Monday, January 30, 2012

WEP '12, Day 30 - Memoirs of a Gamer VII: Dallas

Eventually, all things come to an end.  And as glorious as college was from a gaming standpoint, eventually you have to move on and get a real job.  This is what I did as well, taking my show on the road to Dallas where I got a job doing Tech Support.  Clay, who was heading south for the same job and had gotten me the interview in the first place, was heading there as well, but no one else was.  Thus, I ended up basically having to build a whole new group from scratch.

That worked out, though, because one assembled pretty easily.  There was Robert, one of my co-workers who went on to found Pen & Paper Games, and Anna, who knitted at every game but paid more attention than most of the other players.  I still have the dice bag she knitted me.  Clay, of course, and Jen who filled the awkward outsider role in the group.

I don't know why that is, but in every gaming group there's always someone who's the least comfortable at the table.  Sometimes it's overt, as it was with Jen and sometimes it's subtle, but somehow one person always gets marked out as the one who ends up the butt of the jokes or the one who exasperates the others.  Even at a table where everyone's known each other for years, there's always one player who seems to get singled out the most.
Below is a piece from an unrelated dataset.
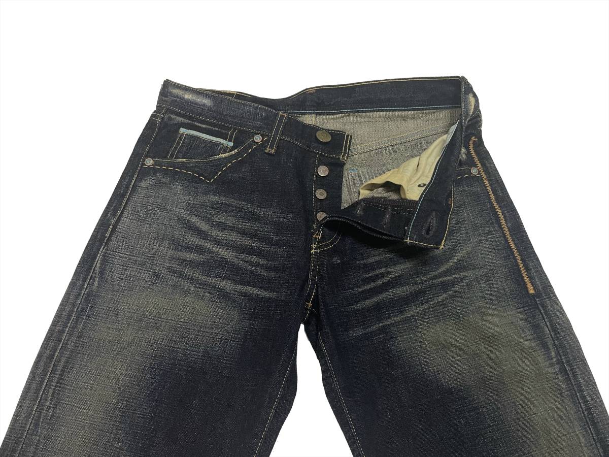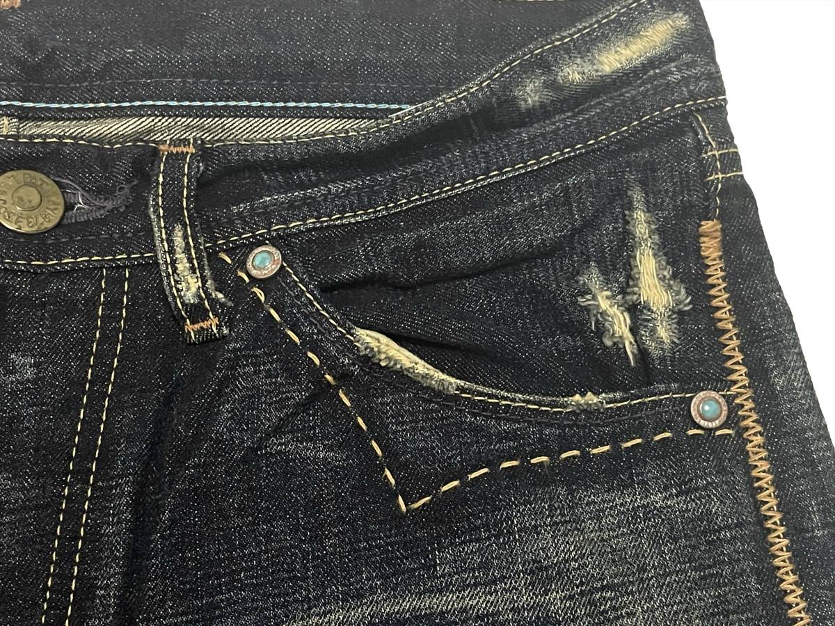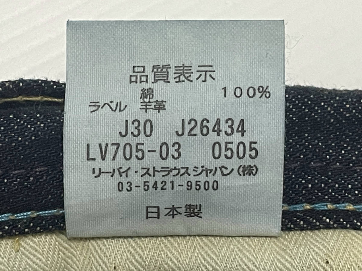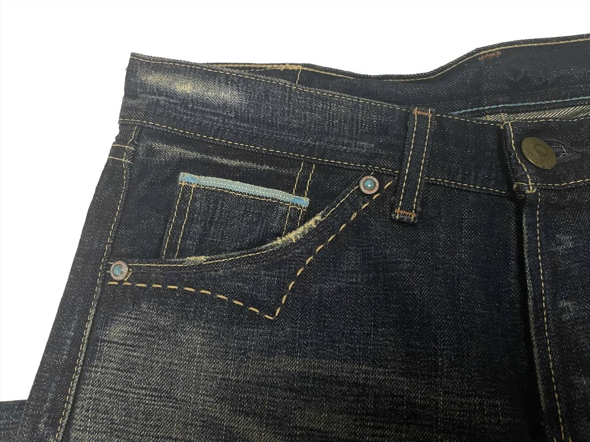 | ブランド:リーバイス 型 番 :LV705-03 カラー :インディゴ 状 態 :USED リーバイス LV705です。 ユーズド・ダメージ加工。フラップポケット、カラフルステッチと印象的なジーンズです。 着用に支障あるダメージはございません。 お探しの方お勧めの1本です。 ■サイズ:製品表記 W30 ■サイズ:実寸(平置き) ウエスト 39cm (×2=約78cm) 股下 78cm 股上 24cm ワタリ 29cm すそ幅 21cm | ||

I'm not sure why that should be, but I've seen enough games to know that it's true.

The final ingredient to our gamer stew was Mick  Mick was probably the best player I've ever had the privilege to GM for.  Sadly, when I talked to him last, he'd given up gaming after I left Dallas, which is the waste of a great gamer.  You see, my gamemastering style is mostly reactive.  I have some basic ideas of what's going on in the world, lay out some potential plot threads, then let the players go where they like.

(This, incidentally, becomes a problem in games like D&D 4E where you're expected to pre-build encounters and then just walk the players into them.  It's one of the reasons I've decided to bring my 4E game to a close.) 

Mick was the perfect player for a GM like myself.  His characters, especially his primary, Ivo the Blade, were always interesting and had a lot of ideas of what to do.  What's more the ideas, and the way his character interacted with people, were often offbeat and funny.  I can't stress how much more fun it is to play with someone who makes everyone else laugh than it is with someone who annoys everyone.  And certainly, it helped that Mick had strong supporting characters, too.  Robert's uptight cleric often played the foil to Ivo's antics, while Clay's amoral wizard butted heads with Anna's conscientious Ranger.  Mick may have been the spark, but it took all the players to grow it into a fire.  Even Jen, awkward as she often was at the table, added something to the mix with her airhead druid who could be relied upon by the gamemaster to do something silly because she wasn't paying attention and thus allow me to throw in more plot complications, which were, in turn, dealt with in an amusing fashion by the group.

It was like a weekly action comedy fantasy TV show that only we few got to participate in.  There were a lot of laughs, we had characters (both player controlled and even a couple of NPCs) who were memorable and amusing, and we even managed a halfway decent story along the way.  That was probably the best game I've ever been a part of, and I've never quite managed to recreate it in the decade plus since, much to my dismay.

My primary D&D game wasn't, however, the only game I played while down in Big D.  There was a D&D game that Robert ran, a short lived Babylon 5 game that I tried to run, a Star Trek game by Robert, even a spin-off D&D game that I ran for Mick and a few of my co-workers once a month or so.  Robert even had a home-brewed superhero game that we tried a couple of times.  All were more or less decent games, but the Saturday D&D game with Ivo, Ylin, Everett, Evan, and Deanna was the best of the lot, and probably the best I've ever done.

Thus, Dallas.  To me it's a city I'll always remember for the mild winters, the unbearably hot summers, and the sudden ferocious rain.  I can almost taste the steaks, smell the barbeque, position my hand just so to hold the insane "Lineman's Reward" cheeseburger from Ball's Hamburgers.  There was the weekly ritual of chanting "body count, body count" in the corner of Rich's Taphouse with the cluster of other ex-pat Bear's fans watching the Bears lose but tracking the score in the number of players injured on the other team.  They were heady days, and I remember them well.

But most of all, I remember the Saturday Game.